# Where to order Acana online?



## ann g (May 6, 2010)

Does anyone know what websites you can purchase all Acana foods, not just the grain free varieties? Or can they only be purchased in Canada?


----------



## Penny & Maggie's Mom (May 19, 2009)

From what I've heard the grain inclusive Acana is not available in the States. Since I heard that second hand (although a fairly reliable source), I would suggest contacting the company


----------



## luvMyBRT (Mar 8, 2010)

I am wondering the same thing. I would love to get my hands on some Acana Large Breed Puppy kibble.


----------



## sal101011 (Jan 17, 2010)

sorry only the grain free is available in the states, the grain kibbles that acana makes has a certain ingredient that is not allowing it to come into the states, i forget what the ingredient was, but i spoke with someone at Champion Pet Foods


----------



## luvMyBRT (Mar 8, 2010)

sal101011 said:


> sorry only the grain free is available in the states, the grain kibbles that acana makes has a certain ingredient that is not allowing it to come into the states, i forget what the ingredient was, but i spoke with someone at Champion Pet Foods


Well, POOP. 
I wonder what that ingredient is??


----------



## sal101011 (Jan 17, 2010)

if i remember correctly it was the Saskatoon berries, the UK banned it in 2004 but lifted the ban, i think we cannot import it.

Google


----------



## MandyPug (Sep 21, 2008)

sal101011 said:


> if i remember correctly it was the Saskatoon berries, the UK banned it in 2004 but lifted the ban, i think we cannot import it.
> 
> Google


Well if it is Saskatoon Berries that's totally stupid.

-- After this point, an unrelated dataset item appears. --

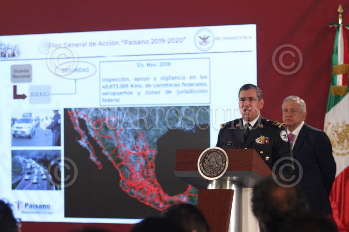 CIUDAD DE MÉXICO, 27NOVIEMBRE2019.- Andrés Manuel López Obrador, presidente de México, acompañado de Luis Rodríguez Bucio, comandante de la Guardia Nacional, durante conferencia diaria en el Palacio Nacional en la que se anunció el programa “Bienvenido Paisano”. También hizo invitación a la celebración por su primer año de gobierno el próximo primero de diciembre en el Zócalo Capitalino. FOTO: ANDREA MURCIA / CUARTOSCURO.COM

They're very edible... And infact they're really good in pies. Dogs love em too.


----------



## ziggy29 (Feb 1, 2010)

MandyPug said:


> Well if it is Saskatoon Berries that's totally stupid.
> 
> They're very edible... And infact they're really good in pies. Dogs love em too.


Orijen contains saskatoon berries, so I don't think that's it.


----------



## sal101011 (Jan 17, 2010)

your right, i will call them tomorrow and see which was the ingredient.


----------